I feel quite upset for that child Sad

TheKeatingFive · 13/01/2021 11:51

Of course not. It’s abusive. This place has gone beyond batshit.

Seriouslymole · 13/01/2021 11:53

@TheKeatingFive

Of course not. It’s abusive. This place has gone beyond batshit.
Couldn't agree more. I cannot believe that people are suggesting it is OK to leave a primary school (or indeed secondary, let's not beat about the bush) isolated like that. Mental health crisis here we come.

FFS.

Sparklfairy · 13/01/2021 11:55

Don't forget that support bubbles were brought in because people really struggle on their own for long periods! It really could do long term mental health damage, especially to a child.

Aimee1987 · 13/01/2021 11:55

I was just about to say what @Hankunamatata said. If I put DSS (8) in his room with the ps4 and told him only had to stop to eat I dont think he would notice 10 days passing.
Weather or not I would do it. Probably not. I think that kind of social isolation would be bad for a child that age but it depends on the kid.

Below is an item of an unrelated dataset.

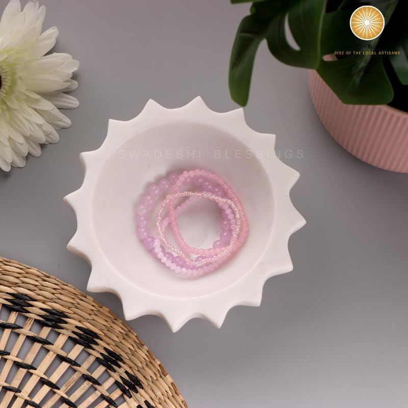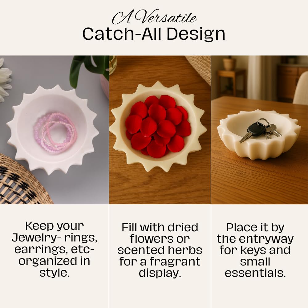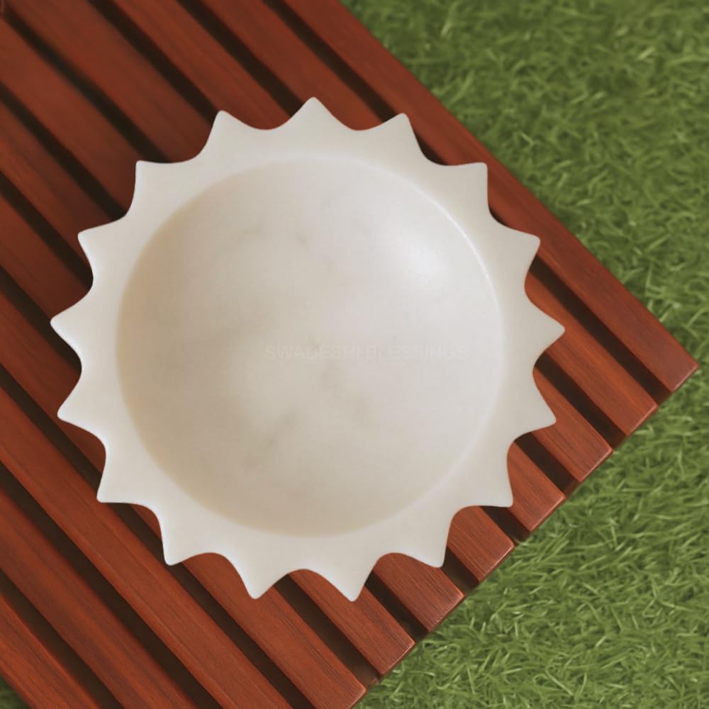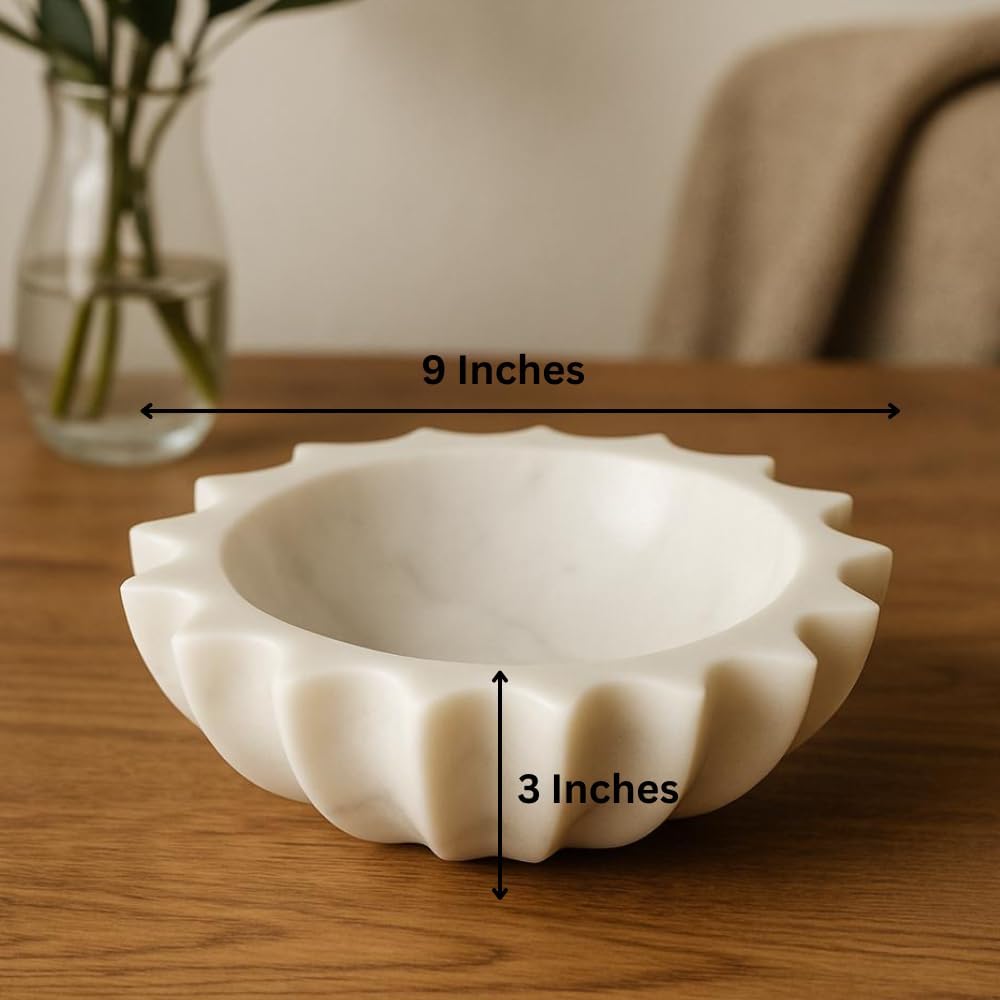 HandCrafted White Marble Decorative Bowl | Ruffle Bowl for Home Decor | Scalloped Bowl | Fluted Bowl | Organic Modern Home Decor Bowl

Quartz2208 · 13/01/2021 11:56

No and both of mine have had it and I cuddled and kept them with me throughout. DD had a horrible cough and breathing issues in the night and needed comforting and DS had one of the worse night sleep ever. I needed to be with them. There was no way I could leave them alone

RealisticSketch · 13/01/2021 11:58

Omg that's horrendous. Positive case in your bubble is only isolate at home. No personal isolation needed unless you are positive yourself (gov guidelines) and even that would be tough to achieve with a child so young.
She's mistaken and needs to know, that poor child! 🥺

Bootskates · 13/01/2021 11:58

No, never. If I got covid from looking after my child/giving affection then so be it.

LiverColouredBitchPointer · 13/01/2021 11:58

I couldn't do it. My two have had separate episodes of SI, and tbh we just acted as usual. I have stopped kissing them on the lips, but that was probably due anyway tbh. Blush theyre both secondary age

One of mine is a very touchy-snuggly child; I don't think he'd cope isolated in a room by himself for one day, let alone ten. My other isn't bothered about touch, but needs to talk to others all the time. She'd go insane.

LiverColouredBitchPointer · 13/01/2021 12:00

Don't get me wrong- DH and I would try to keep ourselves separate if we had to SI, but it's not an expectation to have of children.

I know that in living memory very small children were put on isolation wards (TB, smallpox, polio, etc) but it's not how children are raised nowadays, is it.